We need the dplyr library because it’s convenient to slice and dice and aggregate dataframes, and the ggplot2 library for the plot.
library(dplyr)
##
## Attaching package: 'dplyr'
##
## The following object is masked from 'package:stats':
##
## filter
##
## The following objects are masked from 'package:base':
##
## intersect, setdiff, setequal, union
library(ggplot2)
First let’s generate a synthetic dataset - random times between midnight and 5am, 100,000 samples of things being on and off from it.
a=seq(as.POSIXct("2001-01-01 0:00:00"), as.POSIXct("2001-01-01 5:00:00"),by="min")
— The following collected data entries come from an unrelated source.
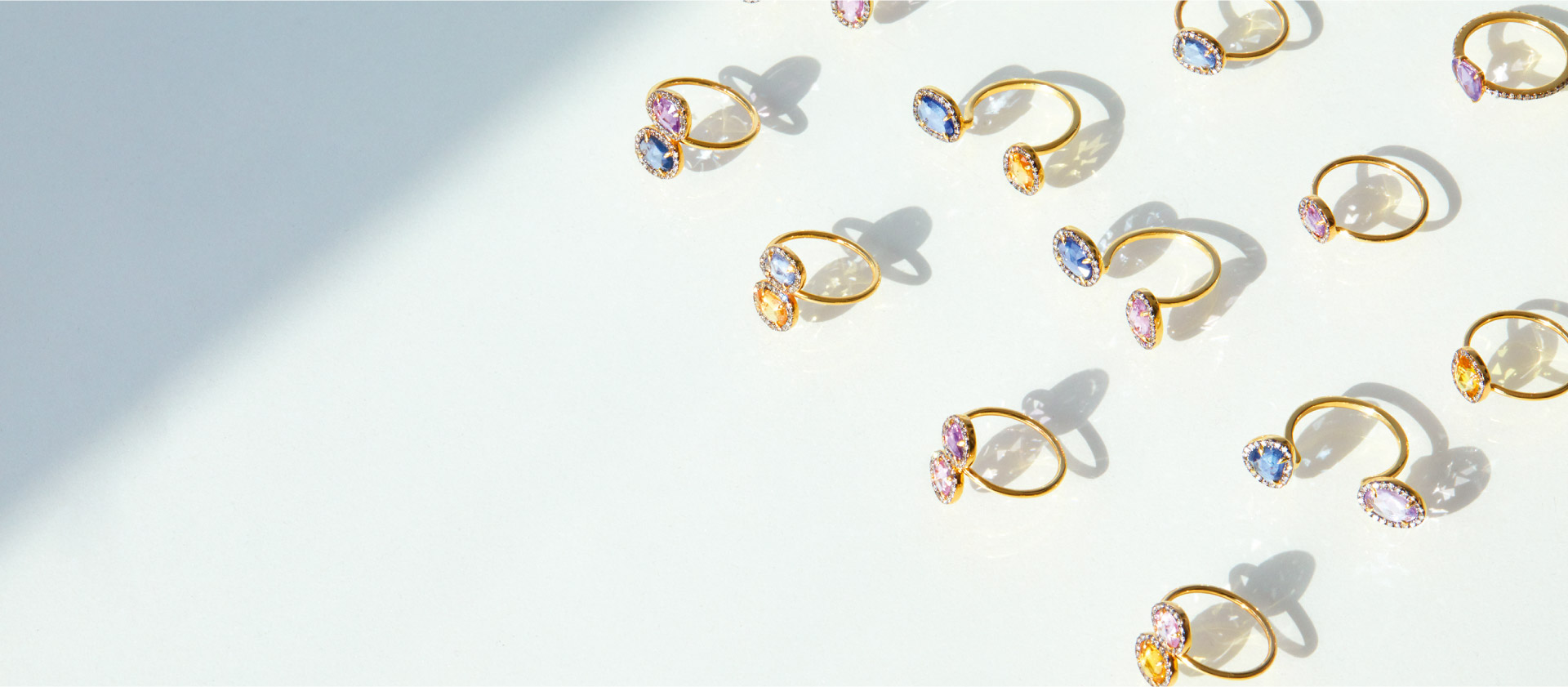 2周年を記念し、“elafonisi”のマルチサファイアを使用したリング5型が発売。感謝の気持ちとスタッキングして着けていただきたいという想いを込めて、2本以上のご購入で20%OFFに。(前列から順に)37,400yen / 38,500yen / 27,500yen / 29,700yen
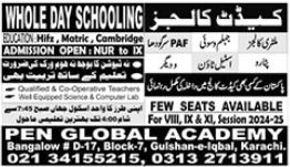 Pen Global Academy admissions 2024 for Intermediate Preparatory Classes has been announced. Students who want to take admissions in Pen Global Academy Karachi Sindh Pakistan for academic year 2024 to continue education in Science College can apply. Students who want to enroll for academic session 2024 in Intermediate qualification and admission criteria for Private institute can apply till last date 4 November 2024. Read newspaper ad for exact details.
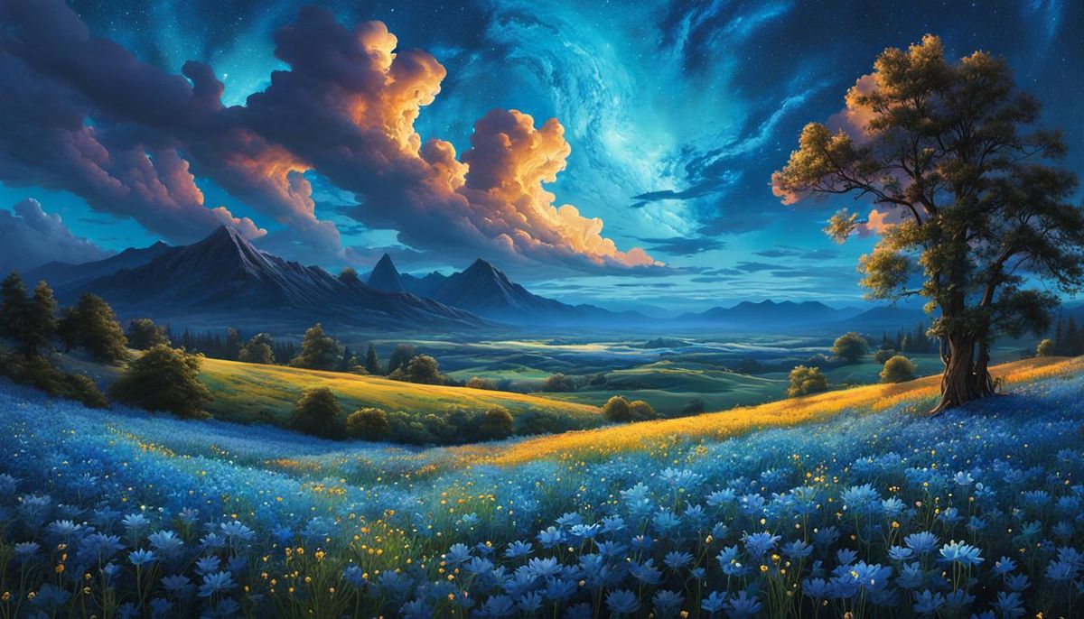 milky way galaxy over bio-luminescent Blue wildflower field in full bloom, breathtaking artwork by Ansel Adams, colorful sky, J. R. R. Tolkien, Ismail Inceoglu, Junji Ito, maximalist, Epic scale, intricately hyperdetailed, clear environment, 16k resolution, cel-shaded, glossy, photorealism, LSD art, ...

sample_a=sample(a,100000,replace=TRUE)
things=c("cat","dog","bear")
sample_things=sample(things,100000,replace=TRUE)
ooff=c(0,1)
sample_oof=sample(ooff,100000,replace=TRUE)
df=data.frame(time=sample_a,thing=sample_things,on=sample_oof)
Now we use the dplyr function group_by to state that the time field and the thing field are what we want to group by, and the summarize function to then apply a function (sum) to those groups.
df=group_by(df,time,thing)
sum_df=summarize(df,count_on=sum(on))
And the ggplot function gives us a quick way to put a plot together, it handles continuous time fields fine.
p=ggplot(sum_df,aes(x=time,y=count_on,fill=thing)) + geom_bar(stat="identity") + labs(x="Time",y="Number on",fill="Thing")
print(p)